If I had to pick one bit, I’ll say Fleecer Ridge which is notorious for an extremely steep, hike-a-bike DOWNhill section.  I’d been dreading it but it was beautiful and I loved the idea that it had totally blown my expectations out the water. 

What should people know about the Divide before they make the decision to go on their own journey? 

That it’s not as hard as some people make out! I think people in general (especially blokes 😉 ) have a tendency to over-dramatize how hard things are as it makes for a better story than saying “it’s fine”.  Get in the right mindset, and it’s really enjoyable and not too physically challenging at all! It becomes clear over time that there is no flat on the route (end of New Mexico aside), just less steep versions of up or down – but accept that fact early doors and you’re laughing!  

And be prepared for bad weather – the temperature fluctuated by 35oC when I was out there – so don’t leave the bulky cold / wet weather gear behind thinking you’re willing to chance it.

Do you use clipless pedals? If yes, what are some tips/suggestions for beginners that you would share? If no, are you thinking of trying it out at all? 

I actually use flat pedals.
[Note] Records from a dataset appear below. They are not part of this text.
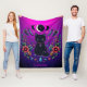 Black Cat Celestial Mystical Purple Pink Fleecedecke
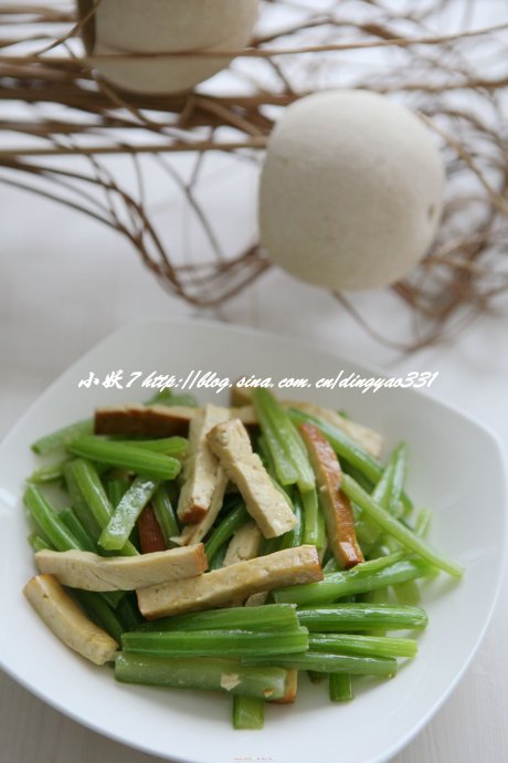 2,起锅倒油,油热放葱花爆香,然后放素鸡翻炒半分钟加芹菜翻炒1分钟,加入盐,少量的糖和鸡精炒匀就做好了。
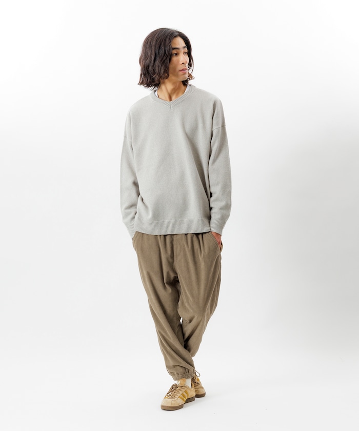 부드러운 코듀로이 소재를 사용하며 허리 밴딩으로 편안합니다. 허벅지는 여유 있고 밑단으로 갈수록 좁아지는 테이퍼드 실루엣입니다.
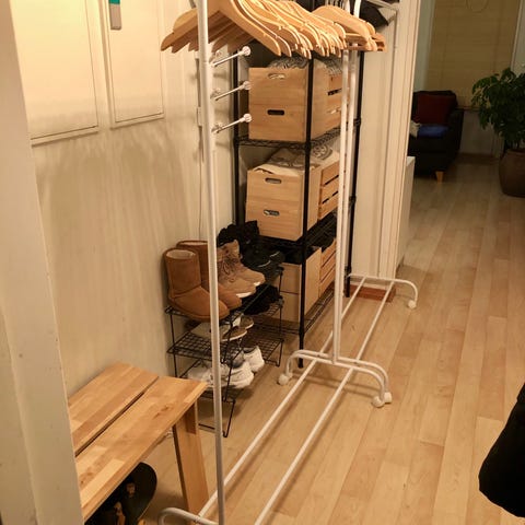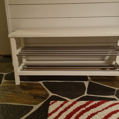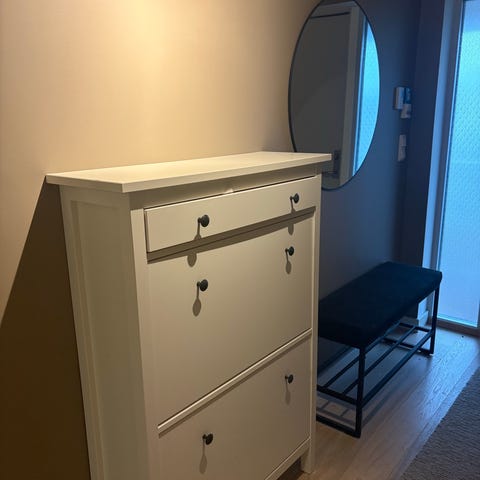 Praktisk kommode til sko med en vanlig skuff øverst. Har noen bruksmerker, men fungerer som den skal og ingen store merker. Hentes på Borre
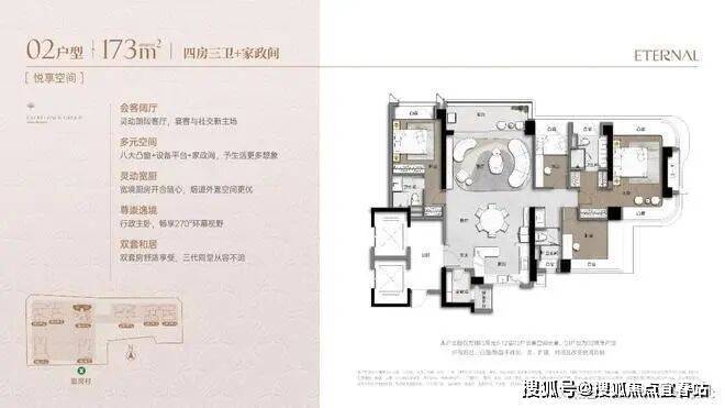 • 「户型面积:」 建面约91 - 173㎡ 3 - 4房,少量257㎡大户型
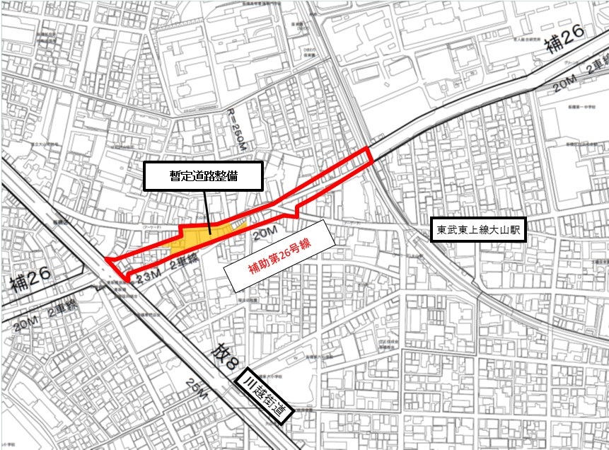 用地取得に合わせ、暫定的な道路整備を予定しています。

I know they’re not as efficient but after my accident I have a mild fear of being attached to my bike, even though I know it’s unjustified as you can release very quickly!
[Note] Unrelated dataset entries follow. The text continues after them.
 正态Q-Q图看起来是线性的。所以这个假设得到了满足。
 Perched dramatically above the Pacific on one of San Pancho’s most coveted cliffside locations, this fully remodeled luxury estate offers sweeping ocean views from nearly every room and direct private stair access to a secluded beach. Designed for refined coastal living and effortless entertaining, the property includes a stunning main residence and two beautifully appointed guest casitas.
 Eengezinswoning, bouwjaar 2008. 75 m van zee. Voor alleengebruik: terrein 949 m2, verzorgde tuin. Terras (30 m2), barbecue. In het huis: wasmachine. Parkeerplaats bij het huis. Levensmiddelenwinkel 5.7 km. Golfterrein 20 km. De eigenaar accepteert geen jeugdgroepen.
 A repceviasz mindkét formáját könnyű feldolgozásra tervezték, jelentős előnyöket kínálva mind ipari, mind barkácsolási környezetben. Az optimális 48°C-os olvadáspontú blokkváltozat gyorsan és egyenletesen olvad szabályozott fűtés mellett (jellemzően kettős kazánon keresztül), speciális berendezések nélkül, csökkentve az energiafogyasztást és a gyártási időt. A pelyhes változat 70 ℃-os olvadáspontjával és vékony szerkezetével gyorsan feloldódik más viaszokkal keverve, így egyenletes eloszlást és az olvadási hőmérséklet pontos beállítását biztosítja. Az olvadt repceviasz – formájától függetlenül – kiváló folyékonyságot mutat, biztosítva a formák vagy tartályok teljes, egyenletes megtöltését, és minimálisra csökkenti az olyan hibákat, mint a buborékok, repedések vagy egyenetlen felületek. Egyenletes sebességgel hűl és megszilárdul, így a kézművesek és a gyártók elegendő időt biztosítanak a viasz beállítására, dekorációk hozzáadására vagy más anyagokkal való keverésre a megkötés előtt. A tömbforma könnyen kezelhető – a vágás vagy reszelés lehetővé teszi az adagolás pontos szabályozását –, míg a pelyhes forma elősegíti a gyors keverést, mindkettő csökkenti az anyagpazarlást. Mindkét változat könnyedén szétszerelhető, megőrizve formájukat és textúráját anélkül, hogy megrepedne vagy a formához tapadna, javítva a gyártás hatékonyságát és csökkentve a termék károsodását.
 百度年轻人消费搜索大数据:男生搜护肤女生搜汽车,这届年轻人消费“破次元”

What do you love about riding your bike? 

It’s hard to put into words but there’s something quite magical in manoeuvring a heaving beast of a fully-laden bike off the ground into the standing position, swinging your leg over and then, with one simply foot stroke, you glide away almost effortlessly!

Tell us about your bike(s), what they are like and why did you choose them? 
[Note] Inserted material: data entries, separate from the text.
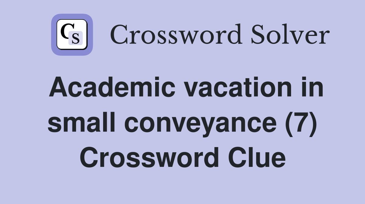 Academic vacation in small conveyance (7) Crossword Clue Answers
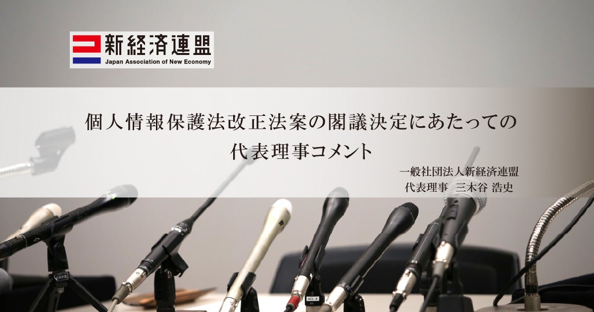 一般社団法人 新経済連盟(所在地:東京都港区、代表理事:三木谷 浩史、以下「新経連」)は、「個人情報保護法」改正案の4月7日付閣議決定を受けて、代表理事コメントを以下の通り発表します。
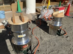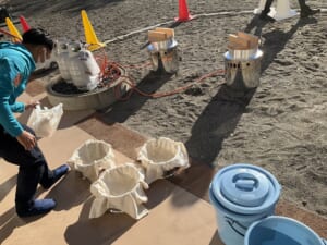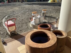 これがどんなふうに変化して行くのか良く見ていてね。最初はお父さんたちが腰を入れてこねます。
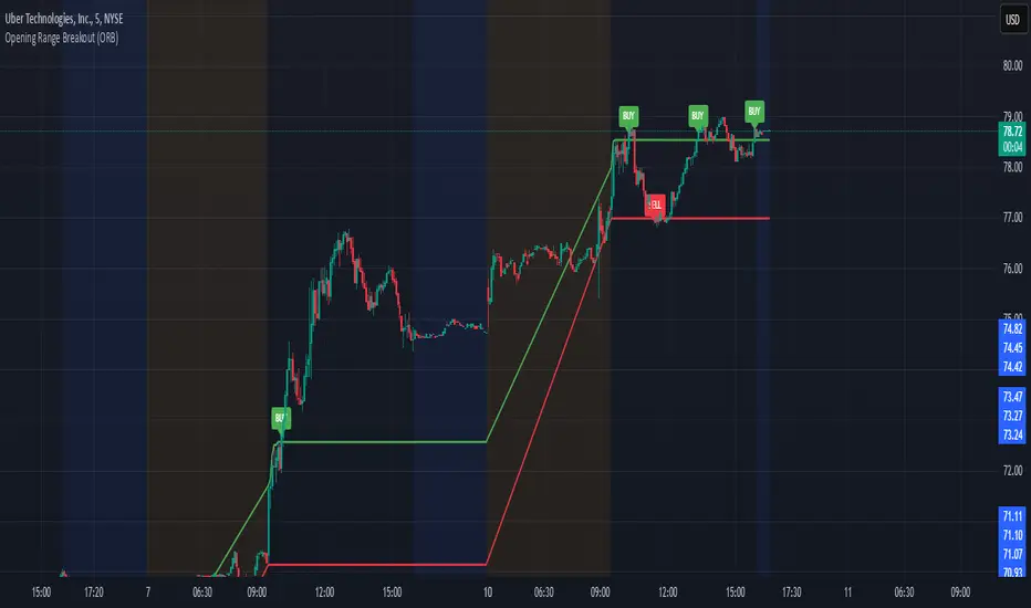 This is an Opening Range Break indicator. Best if used on a 5 minute chart. It plots the opening 30 minutes high and low of a ticker. (meaning mostly for stocks, options, etfs) and then it alerts a buy signal upon break of opening high and a sell signal upon break of opening low. This is a day trading type of indicator and there is a new opening range everyday.
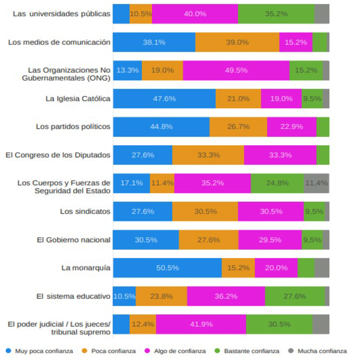 Entre los factores analizados de la desafección política, se ha constatado que uno de los que demuestra tener mayor efecto sobre la participación es la confianza, con un efecto directo sobre la intención de participación de los jóvenes. Tal como avanzaban Megías y Moreno (2022), la confianza ciudadana en los políticos es cada vez menor y muchos jóvenes no se sienten representados dentro de las instituciones públicas que ejercen la toma de decisiones (Espina, 2021). Desde el punto de vista de la confianza institucional, las que obtienen mejor resultado son las universidades públicas, seguidas del poder judicial, el sistema educativo y los Cuerpos y Fuerzas de Seguridad del Estado, mientras que las que menos confianza obtienen son la monarquía, la Iglesia Católica, los partidos políticos y los medios de comunicación. Con respecto a la confianza política, es más baja hacia los partidos políticos, el Gobierno y el Congreso de los Diputados, lo que evidencia que está alejada de otras generaciones (Sanz, 2022).
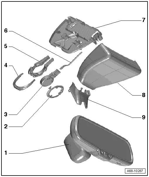 | Exploded view of interior mirror with lane departure warning (Audi lane assist) |
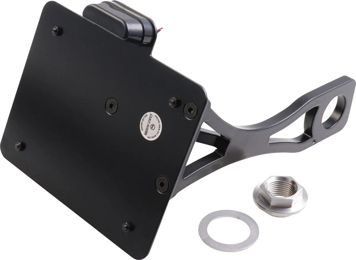 ×Gloss black powder coated CNC machined steel with pre-installed ECE approved LED license plate illumination.
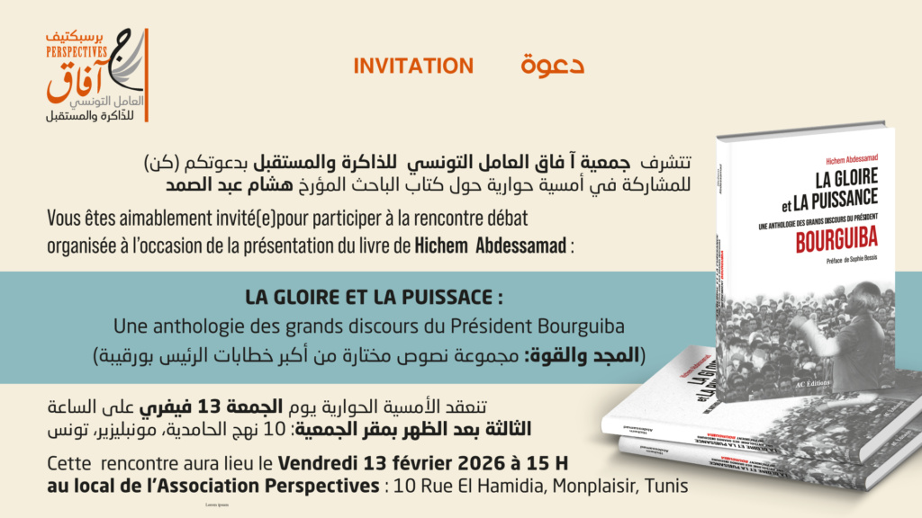 1- 1ère activité du Club de Lecture de « Perspectives » le vendredi 13 Février 2026 au local de l’association « Perspectives » au 10, rue Al Hamidia, Montplaisir, 1073, Tunis. Le livre à présenter est :
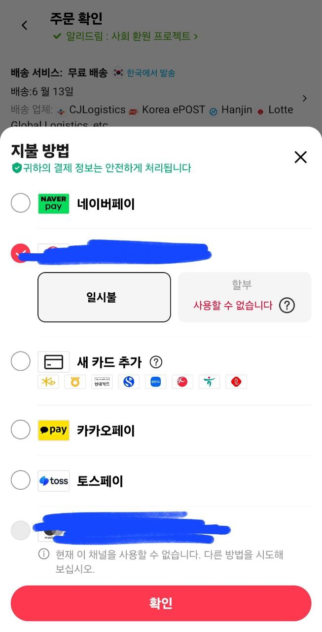 - 알리익스프레스 앱 또는 웹에서 결제 수단에 해당 카드 등록
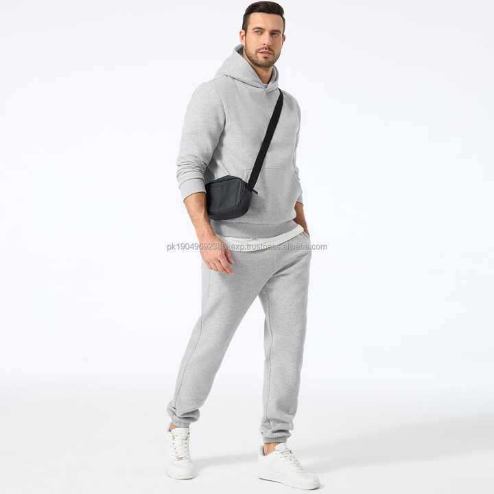 ชุดวอร์มผ้าฟลีซหนานุ่ม 500GSM สำหรับผู้ชาย พิมพ์ลายได้ตามต้องการ เสื้อฮู้ดซิป กางเกงจ็อกเกอร์ สีกรมท่า-เทา ดีไซน์บล็อกสี สำหรับฤดูหนาว

I’ve got a Trek 7.6 which was a fairly light-weight but not too expensive bike for my 100 mile race. I wanted a hybrid bike as I’m not familiar with drop handlebars and they scare me!  

For the Great Divide I got a 14” Surly Troll as they have a great rep as an off-road touring bike and, being 5ft 2, 29ers aren’t a great option for me so that rules out a few models.

What clothing/bike accessories do you love? What would you recommend to your friends? 

My FiveTen Freerider shoes are fab – so comfy and better than proper cycling shoes for when you need to get off and push – and Assos shorts cost a fortune but I love them!

What do you feel deters women from getting involved with cycling? 

If you’re talking about cycling touring specifically, I’d say it’s a fear of not knowing enough about the mechanics of bikes. I did a basic maintenance and still don’t know a lot about how to fix a bike but I knew enough to stay safe on the Divide. Unless you’re really, really remote, the chances are you can have a mechanical failure and someone will rescue you in a few hours so you don’t need to know how to fix anything but the basics of puncture repair and brake tightening are invaluable. 

What do you feel could happen to make changes and/or encourage more women to ride? 

I think blokes get a kick out of a bike being a machine to love and tinker with. I’m not sure women have the tinkering gene to the same extent and it’s more just a medium of transport! If more women felt comfortable in the fact that you don’t have to be part of a bike-loving, gear-nerd crowd to enjoy riding, there might be a few more female bikers.